As the origins of our current moral panic about “white supremacy” become more widely debated, we have an obvious problem: how to define the term “Critical Race Theory.” This was never going to be easy, since so much of the academic discourse behind the term is deliberately impenetrable, as it tries to disrupt and dismantle the Western concept of discourse itself. The sheer volume of jargon words, and their mutual relationships, along with the usual internal bitter controversies, all serve to sow confusion. 

This conceptual muddle also allows everyone to have their own definition and gives critical theorists the opportunity to denounce anyone from the outside trying to explain it. So it may be helpful to home in on what I think is a core point. No, I’m not a trained critical theorist. But no one should have to be in order to engage a field of thought with such vast public ramifications. But I have spent many years studying political theory, which is why, perhaps, I am so concerned. And, for me, the argument is not really about race, or gender, or history, or identity as such.

It’s about epistemology at its most basic. Which, of course, is just a fancy word for the question of what we can know and how we can know it. It’s the beginning of everything in any political system. Get it right, and much good follows. Get it wrong, and we’re in deep trouble.

In his forthcoming book, “The Constitution of Knowledge,” Jonathan Rauch lays out some core principles that liberal societies rely upon. These are not optional if liberal society is to survive. And they are not easy, which is why we have created many institutions and practices to keep them alive. Rauch lists some of them: fallibilism, the belief that anyone, especially you, can always be wrong; objectivity, a rejection of any theory that cannot be proven or disproven by reality; accountability, the openness to conceding and correcting error; and pluralism, the maintenance of intellectual diversity so we maximize our chances of finding the truth. 

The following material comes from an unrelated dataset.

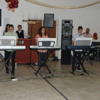 A zeneiskolában elektromos zongora tagozaton tanuló jelenlegi és egykori tanítványaink Csirmaz Klára, Tóth Evelin, Kurucz Kíra, Gáspár Sarolta, Erős Lúcia, Vámos Gergő modern slágereket adtak elő. Betanította Panyiné Cserpák Tünde tanárnő.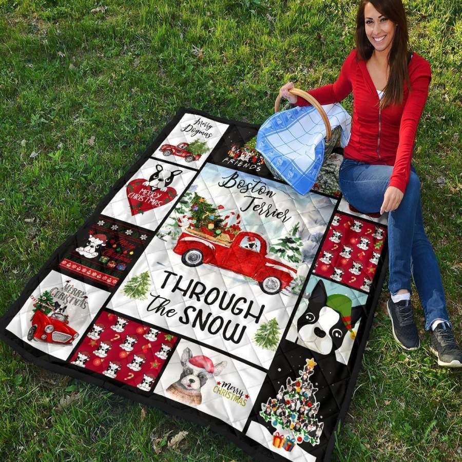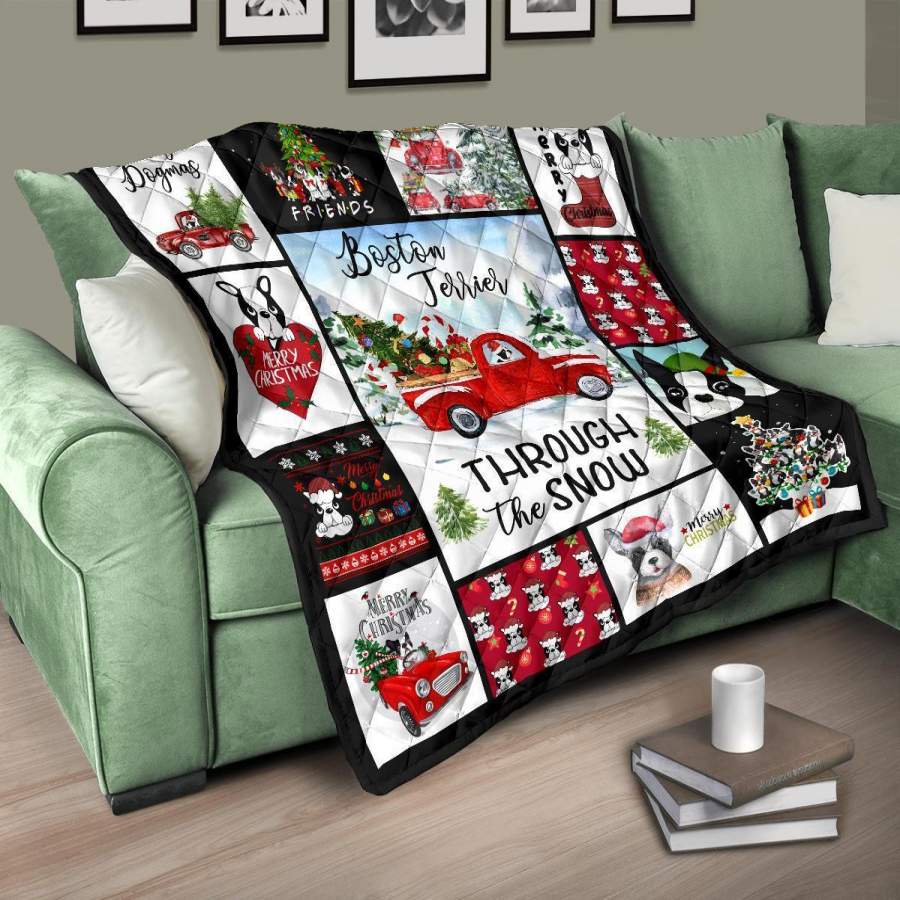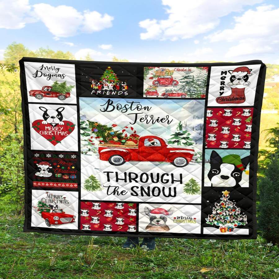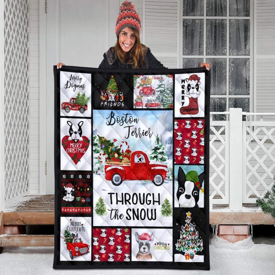 Through The Snow Boston Terrier Quilt Blanket Xmas Gift Idea DD19

The only human civilization that has ever depended on these principles is the modern West since the Enlightenment. That’s a few hundred years as opposed to 200,000 or so of Homo sapiens’ history, when tribalism, creedalism, warfare, theocracy or totalitarianism reigned.

The genius of liberalism in unleashing human freedom and the human mind changed us more in centuries than we had changed in hundreds of millennia. And at its core, there is the model of the single, interchangeable, equal citizen, using reason to deliberate the common good with fellow citizens. No ultimate authority; just inquiry and provisional truth. No final answer: an endless conversation. No single power, but many in competition.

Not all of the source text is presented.